In reference to laminate flooring, I have yet to see a job that I liked in kitchens or bathrooms (after it's been installed for a while). Since I'm seeing it after the installation and I am not there to inspect it I'm not sure if it is installer error, crappy product or just failure due to normal kitchen and bathroom moisture.


----------



## Floorwizard (Sep 24, 2003)

> With that logic, I guess its safe to throw away my moisture meter, and while I'm at it, forget acclimating the products


ok ok I see how technical you are...allow me to restate

Installers will not be liable for moisture issues if they stick to manufacturer recommendations and standard install practices.

That means that lam and wood is still a viable choice.



> BTW, I'm not talking about "flooding"... There is "long standing moisture" and high humidity levels in a bathroom


High humidity in a normal bath will not kill a floor, and longstanding moisture can be dealt with by the consumer.

All I am trying to say, is that it can work and work fine.

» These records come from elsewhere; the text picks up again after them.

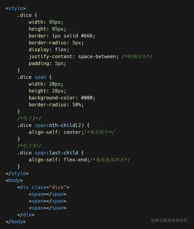首先给父容器加上justify-content: space-between; 使三个色子,两端对齐
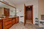 White suite comprising open mains shower. Low flush W/C. Double vanity style sink unit with mixer taps. Built in storage.
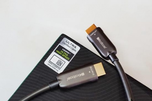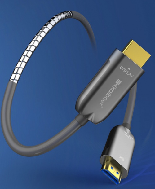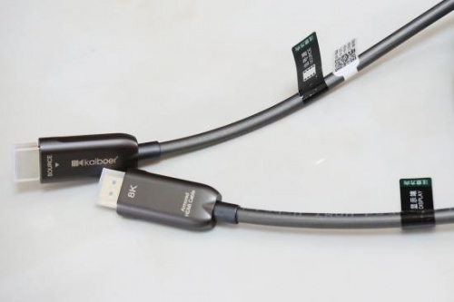 開博爾五代萬兆光纖HDMI2.1高清線插口為銅殼鍍金材質制成,具有防磨耐用等特點,鍍金接口對信號的傳輸穩定也起到一定的好處。由于產品采用的光纖技術,而光纖又具有收發順序,所以在使用過程中,比銅線要麻煩點,不過產品接頭上已經做好標注Source、Display接口,讓用戶一目了然。
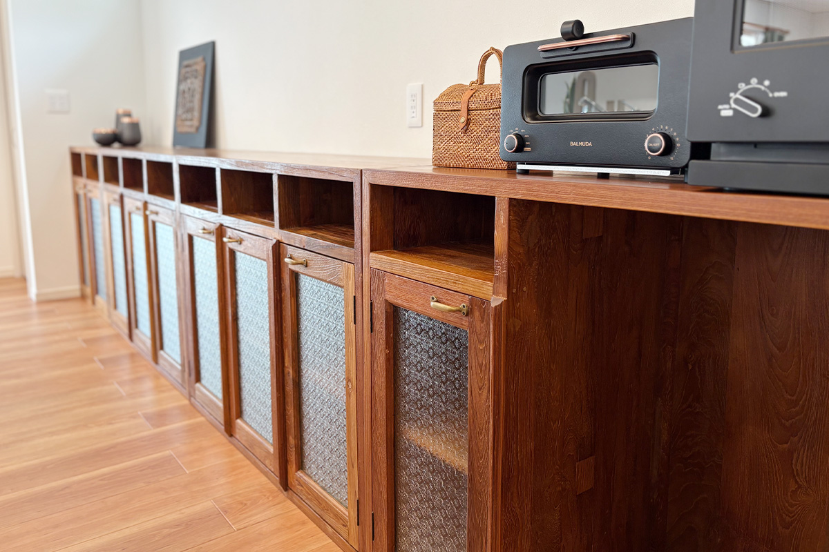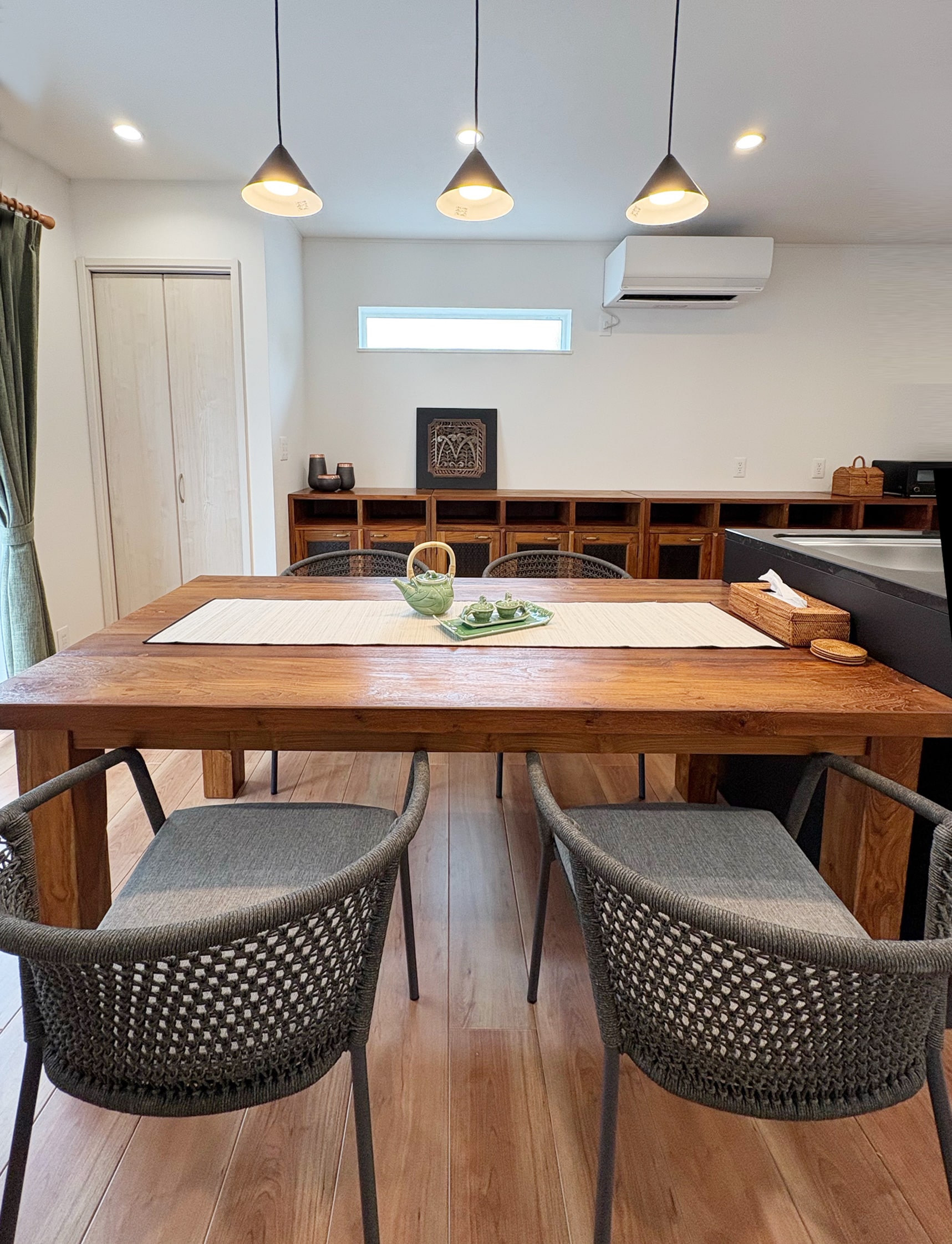 アクセントカラーのグリーンとチーク材の家具の相性が抜群な上、アイアンとキッチンのブラックが差し色になって、落ち着きのある上品な空間に仕上げています。壁一面にぴったりと配置したキッチンボードはオーダーで製作を行い、迫力満点の仕上がりとなりました。
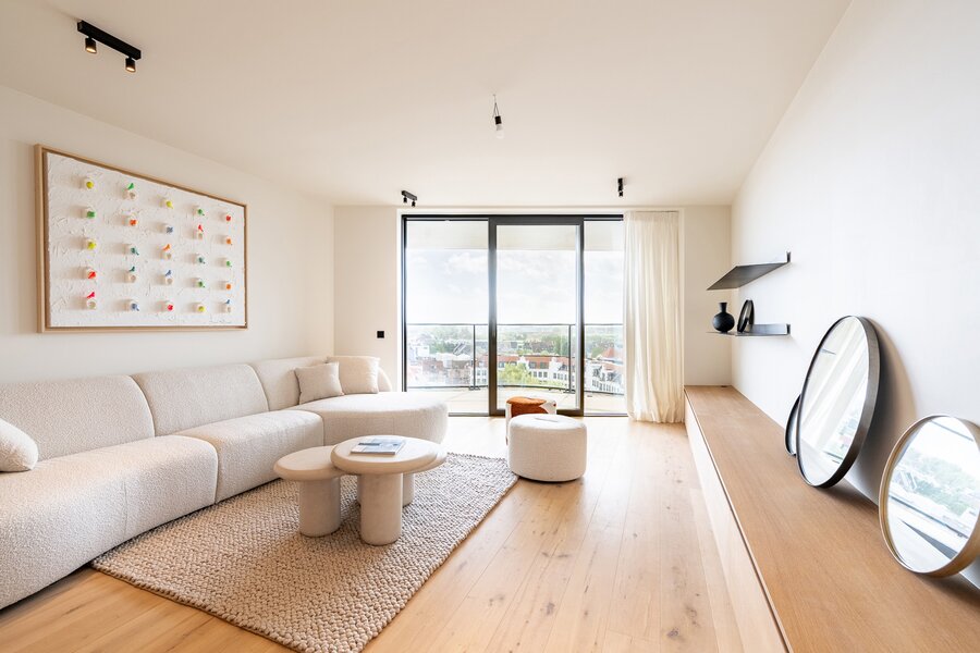 Grâce aux grandes baies vitrées, vous profitez toute la journée de lumière naturelle, d’espace et d’une vue dégagée sur Knokke.
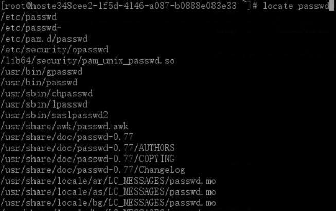 搜索所有有关passwd的档案,出错了。为什么呢?按照提示,说没有数据库,刚刚我们说locate是基于数据库的,没有数据库怎么行呢?我们执行updatedb 修复一下,再次搜索:
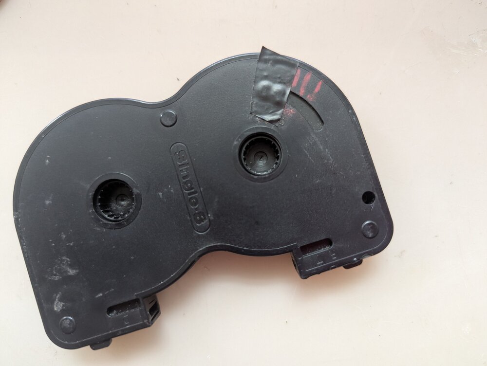 Über die Schulferien konnte ich mir eine Prusa Mini-Drucker ausleihen und kann jetzt also noch ein paar TZage drucken, wie es mir gefällt. Ich habe testweise die Single 8-Klassette ausgedruckt und mit Testfilm durch meine Single 8-Klameras laufen lassen (P1, Z2, P2). Die Laufergebnisse haben mich eher enttäuscht. Am besten funktioniert die Kasselle mit dem kleinen P2-Plastikbomber. Das ist die einzige Kamera, die die Empfindlichkeit vom 100ASA erkennt, da die dieser Kamera die Empfindlichkeit mit 4 Druckknöpfen gemessen wird. Die anderen beiden alten Kameras aus den 60er haben den Schieberegler, der die Empfindlichkeit in der Aussparung der Kasserre misst. Leider ist diese Aussparung bei der gedruckten Kassette nicht tief genug, so dass der Hebel am Anfang hängen bleibt und die Empfindlichkeit bei der Minimaleinstellung (ISO 12?) hängen bleibt. Wen ich die Aussparung mit dem Schraubenzieher etwas auskratze und glatt mache, läuft es besser, nur dass auch dann die ISO 100 nicht korrekt erkannt werden (Überbelichtung, eher ISO 25). Es müsste also etwa 0,5mm tiefer sein. Aber ich bin ja in der glücklichen Position, einige RT200 Originalkassetten zu besitzen, für die ich mir schon vor Jahren mein eigenes System zur Verkleinerung der Aussparung entwickelt habe. Die Striche stehen für 100, 50, 25. Unter dem Klebeband befindet sich ein Kügelchen aus zusammen geknüllter Alufolie. Primitiv aber effektiv. bin denkbar unzufrieden. Der Film läuft nicht so sauber durch, wie ich es von kommerziellen Kassetten gewohnt bin. -
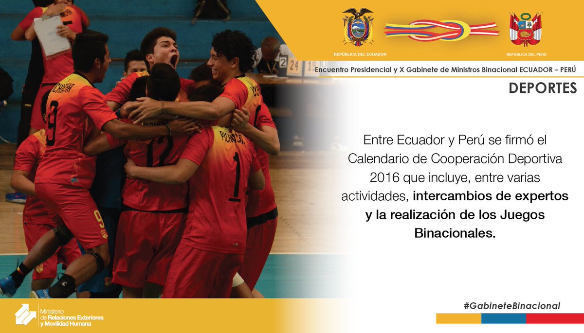 Realización de Juegos Binacionales, es parte del Calendario de Cooperación Deportiva entre Ecuador y Perú #GabineteBinacionalpic.twitter.com/zsrXEtuU1q

Hundreds of thousands of people can't be wrong


----------



## Mike Costello (Aug 1, 2004)

There is a little thing called due dilligence.

Where I took many steps to safegaurd the floor and strongly recommended against it I like my chances


----------



## Mike Costello (Aug 1, 2004)

You serious? May be a bit of a stretch but I can say I see it at leastonce a week here in NH


----------



## Floorwizard (Sep 24, 2003)

Once a week in New Hampshire alone?!

OK maybe millions then.

I saw some houses in New Hampshire this year.
What an incredibly beautiful place to live.
I was in awe.....


----------



## Mike Costello (Aug 1, 2004)

for the last ten years builders have been putting sand and finish hardwood in kitchens and half baths here pretty regularly.

Personally I dont really like it but I am certainly not going to put myself out of that market by refusing to do it.

As long as it is acclimated and installed properly I really cant see the liability issue for an installer that is doing it for a retailer.

Im sure Alaska is a beautiful place to live as well, I will make it out there some day


----------